As the pressure mounts on president Jacob Zuma, the race to take over the South African presidency is anything but clear-cut
Although the ruling African National Congress (ANC) has downplayed reports of a leadership contest, power jostling is already evident at the top levels of the party. The race for a new South African president has begun.
Whether it is because he is deposed, or because his term ends in December when the ANC holds its elective congress, President Jacob Zuma will soon hand over the reins to one of a handful of pretenders to the presidential throne. Four candidates are emerging: Deputy President Cyril Ramaphosa, former African Union Commission Chairperson Nkosazana Dlamini-Zuma, Human Settlements Minister Lindiwe Sisulu and speaker of the National Assembly, Baleka Mbete.
Ramaphosa, Zuma’s deputy president since 2014, is seen as the strong frontrunner in the race. In April, he kicked off his campaign on a dramatic note when he publicly distanced himself from the Zuma government and called for an inquiry into allegations of “state capture” following revelations of extensive contacts between the president and a group of business people centred around the Guptas, a wealthy immigrant family.
Days later, the Congress of South African Trade Unions (Cosatu) declared its backing of Ramaphosa as the successor to Zuma, who was jeered off stage at the union federation’s May Day rally.
Business and political analysts agree that Ramaphosa’s chances are good, even though the former union leader and prominent businessman is on the periphery of ANC structures. Within the party, leadership ascendancy traditionally plays out from the branches upwards to the National Executive Committee (NEC).

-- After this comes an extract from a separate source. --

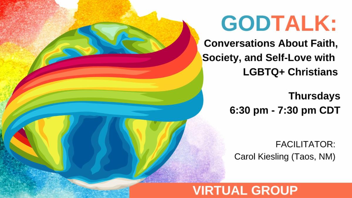 “God Talk” is another way of saying ‘Theology’, in other words: how we think and talk about Divine Presence. Many LGBTQ+ people have been hurt by oppressive or toxic theology, the kind of messaging that describes God as condemning and cruel. These wide-spread messages are often subtle, perhaps from well-meaning sources, so we don’t even realize how we internalized them. The trauma can run deep! No wonder so many people have difficulty developing a relationship with the Sacred. Resurrection MCC strives to build community to heal those wounds. This group is a safe haven to explore, question and discover how God works in and through us, regardless of who we are or the societal labels we carry. We will discuss our imaginings of the Divine in our lives and hear from people whose partnering with God brings meaning and hope into their lives. We seek to reframe our thinking and expand our imagination to move into a broader understanding of the God of Love. Conversations will be led virtually with Resurrection MCC Online Group leader Carol Kiesling and occasional guest panelists. This is a Zoom meeting. You will receive the Zoom link in an email once you have registered. The link is the same very week. Please note that this forum is recorded and available for replay on YouTube.

“[Ramaphosa’s] power base within the ANC is uncertain and perhaps limited, so his challenge will be getting a province or two to run a campaign for him to build a base,” says Siphamandla Zondi, professor of political science at the University of Pretoria in South Africa.
Cosatu is Ramaphosa’s strongest lever in this, having undertaken to campaign on his behalf. Ramaphosa’s provincial strongholds are the Eastern Cape and Gauteng, where he has growing support within ANC branches, according to Jakkie Cilliers, chairperson and Head of African Futures & Innovation at the Institute for Security Studies (ISS) in Tshwane, South Africa.
“[Ramaphosa] lacks support from the ANC Women’s League and ANC Youth League, but he has the backing of former finance minister and MP Pravin Gordhan and his former deputy, MP Mcebisi Jonas, who are galvanising support for him within ANC structures,” Cilliers told Africa in Fact.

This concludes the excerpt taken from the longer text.